Investors should be wary of high- yield borrowers as slowing growth in Asia threatens profitability, according to Pacific Investment Management Co., manager of the world’s biggest fixed-income fund.
Companies in Asia outside Japan almost tripled junk bond sales to $19.2 billion this year compared with $6.85 billion during the same period in 2012, data compiled by Bloomberg show. China’s economy will slow to average 6 percent to 7.5 percent annual expansion during the next five years from 9 percent the past five, weighing on the region’s growth, according to a report from Newport Beach, California-based Pimco.

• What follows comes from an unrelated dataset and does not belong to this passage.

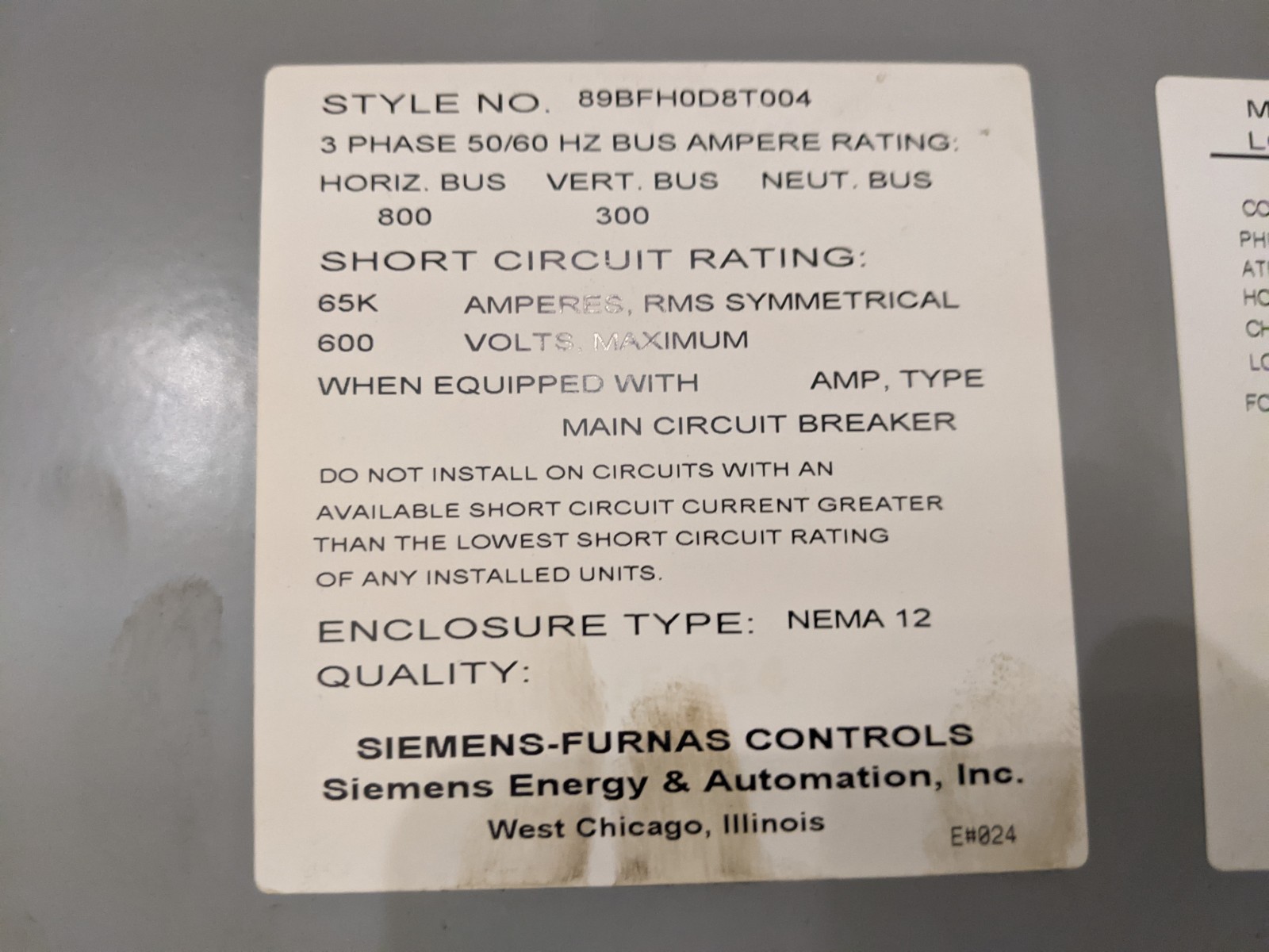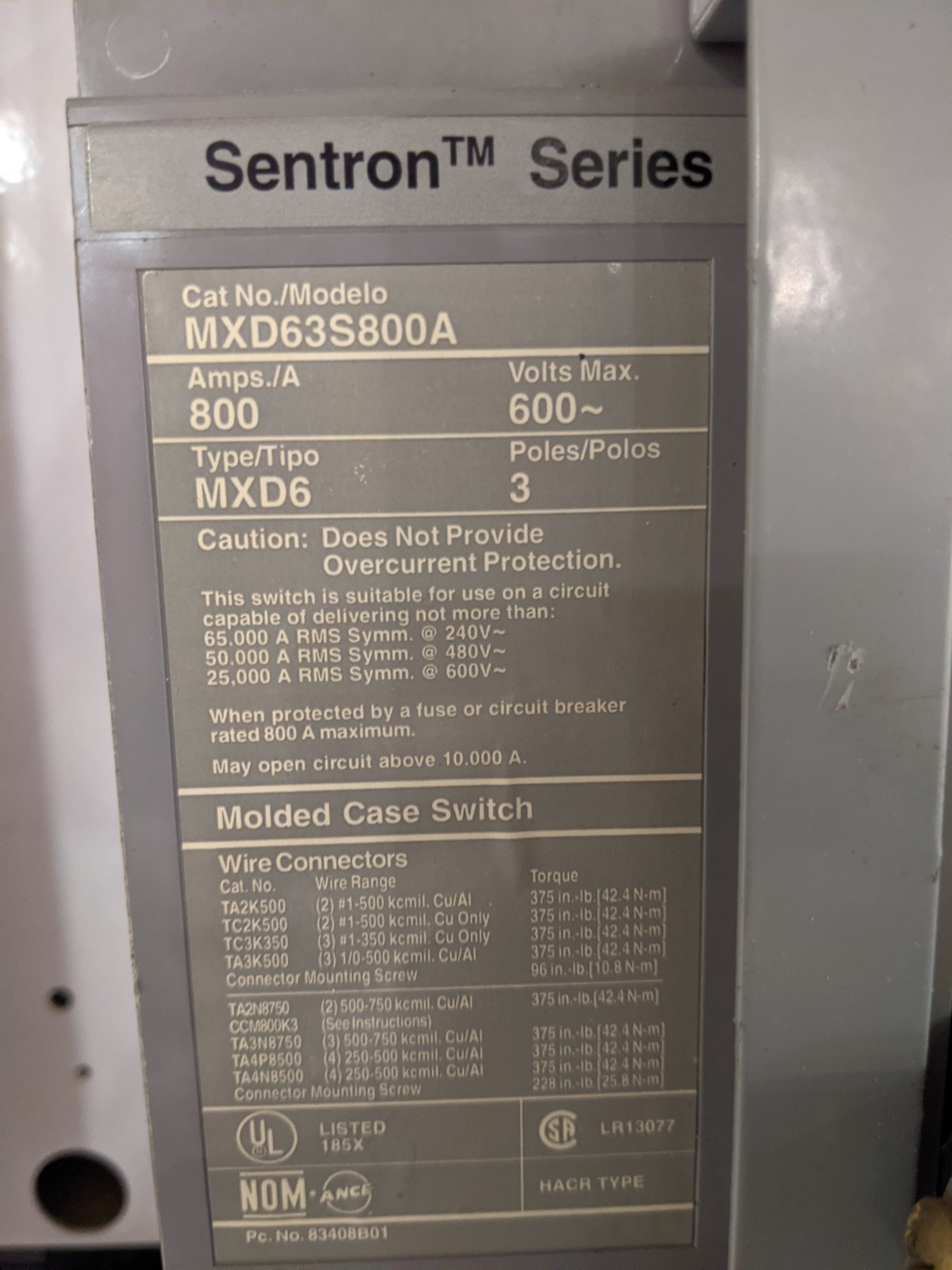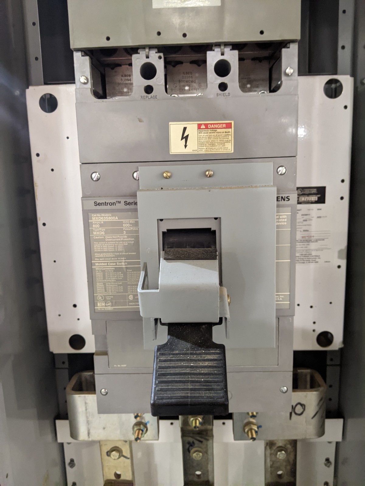 Main Breaker: Siemens 800 Amp 600V 3 Pole Molded Case Circuit Breaker

“The slow-growth landscape favors higher-quality credits and warrants caution on higher yielding names that could become impaired in an environment where profits will be challenged,” Tokyo-based Tomoya Masanao, the head of portfolio management for Japan, wrote in the report due for release today. “The emphasis should move away from risk assets that have benefited purely from the central bank liquidity wave in which valuations have become detached from fundamentals.”
Investors redeemed more than $6 billion from high-yield bond funds in the week to June 5 and fixed-income funds posted their biggest weekly outflows on record amid speculation the Federal Reserve may slow asset purchases, which have fueled flows into emerging markets, data from EPFR Global show.
Treasuries are “the place to be,” Bill Gross, Pimco’s co- chief investment officer, said June 6, after raising holdings of U.S. government debt in his Pimco Total Return Fund to 39 percent as of April 30, the highest level since July 2010. Gross predicted the three-decade bull market in bonds probably ended at the end of April.
Yields on speculative-grade notes from companies in emerging markets in Asia fell to an all-time low of 6.38 percent last month, helping to boost issuance, before surging to 7.51 percent as of June 10, according to Bank of America Merrill Lynch indexes.
High-yield bonds, also known as non-investment grade, speculative-grade or junk, hold ratings lower than BBB- from Standard & Poor’s and Fitch Ratings Ltd., or the equivalent Baa3 from Moody’s Investors Service.
The cost of insuring corporate and sovereign bonds in Asia against non-payment surged to the highest since September today, according to traders of credit-default swaps.